我需要实现一个快速扩展此应用程序的解决方案,但我不确定是否应该追求分片集群,因为我不确定优点和缺点是什么他们每个人,我正在考虑采用分区/复制方法,但我认为如果负载在写入上,这没有帮助?

We have created a Facebook application and it got a lot of virality. The problem is that our database started getting REALLY FULL (some tables have more than 25 million rows now). It got to the point that the app just stopped working because there was a queue of thousands and thousands of writes to be made.

I need to implement a solution for scaling this app QUICKLY but I'm not sure if I should pursue Sharding or Clustering since I'm not sure what are the pro's and con's of each of them and I was thinking of doing a Partition / Replication approach but I think that doesn't help if the load is on the writes?

如果你对这篇内容有疑问,欢迎到本站社区发帖提问 参与讨论,获取更多帮助,或者扫码二维码加入 Web 技术交流群。

扫码二维码加入Web技术交流群

发布评论

需要 登录 才能够评论, 你可以免费 注册 一个本站的账号。

评论(4

笑,眼淚并存 2024-10-17 03:58:48

对于构造良好的关系数据库来说,2500 万行是完全合理的大小。然而,您应该记住的一点是,您拥有的索引越多(而且索引越全面),您的写入速度就会越慢。索引旨在以牺牲写入速度为代价来提高查询性能。确保您的索引没有过度

该数据库由什么类型的硬件驱动?你有足够的内存吗?更改这些属性比尝试实现复杂的 RDBMS 负载平衡技术要容易得多,尤其是在时间紧迫的情况下。

25 million rows is a completely reasonable size for a well-constructed relational database. Something you should bear in mind, however, is that the more indexes you have (and the more comprehensive they are), the slower your writes will be. Indexes are designed to improve query performance at the expense of write speed. Be sure that you're not over-indexed.

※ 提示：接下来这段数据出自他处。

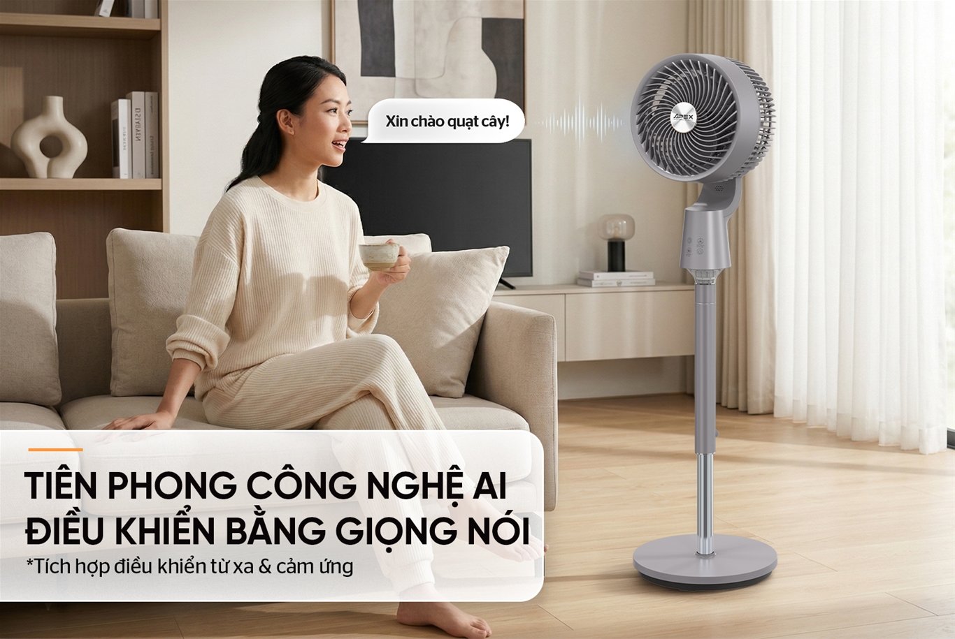 Quạt đứng thông minh SUNHOUSE APEX APF7321GV được tích hợp công nghệ AI cho phép nhận lệnh và điều khiển bằng giọng nói. Chỉ với một câu lệnh đơn giản, người dùng có thể bật/tắt quạt, điều chỉnh tốc độ gió hay chế độ hoạt động mà không cần lại gần thiết bị.

What sort of hardware is powering this database? Do you have enough RAM? It's far easier to change these attributes than it is to try to implement complex RDBMS load balancing techniques, especially if you're under a time crunch.

溇涏 2024-10-17 03:58:48

当单个节点达到其硬件无法承受负载的程度时,就会出现集群/分片/分区。但您的硬件仍有扩展空间。
这是我开始遇到此类问题时学到的第一课

Clustering/Sharding/Partitioning comes when single node has reached to the point where its hardware cannot bear the load. But your hardware has still room to expand.
This is the first lesson I learnt when I started being hit by such issues

假装爱人 2024-10-17 03:58:48

嗯,要理解这一点,您需要了解 MySQL 如何处理集群。有两种主要方法可以做到这一点。您可以进行主主复制,或 NDB(网络数据库)集群。

主-主复制对写入负载没有帮助,因为两个主服务器都需要重放发出的每个写入(因此您不会获得任何结果)。

当且仅当您主要进行主键查找时,NDB 集群才会非常适合您(因为只有使用 PK 查找,NDB 才能比常规主主设置更有效地运行)。所有数据都会自动在许多服务器之间分区。就像我说的,只有当您的绝大多数查询只不过是 PK 查找时,我才会考虑这一点。


这样就剩下两个选择。分片并远离 MySQL。

分片是处理这种情况的一个不错的选择。然而,要充分利用分片,应用程序需要充分了解它。因此,您需要返回并重写所有数据库访问代码,以便为每个查询选择正确的服务器。并且根据您的系统当前的设置方式,可能无法有效地进行分片...

但我认为最适合您需求的另一个选择是放弃 MySQL。由于无论如何您都需要重写数据库访问代码,因此切换到 NoSQL 数据库应该不会太难(同样,取决于您当前的设置)。市面上有大量的 NoSQL 服务器,但我喜欢 MongoDB。它应该能够承受您的写入负载而无需担心。请注意,您确实需要 64 位服务器才能正确使用它(根据您的数据量)。

Well, to understand that, you need to understand how MySQL handles clustering. There are 2 main ways to do it. You can either do Master-Master replication, or NDB (Network Database) clustering.

Master-Master replication won't help with write loads, since both masters need to replay every single write issued (so you're not gaining anything).

NDB clustering will work very well for you if and only if you are doing mostly primary key lookups (since only with PK lookups can NDB operate more efficient than a regular master-master setup). All data is automatically partitioned among many servers. Like I said, I would only consider this if the vast majority of your queries are nothing more than PK lookups.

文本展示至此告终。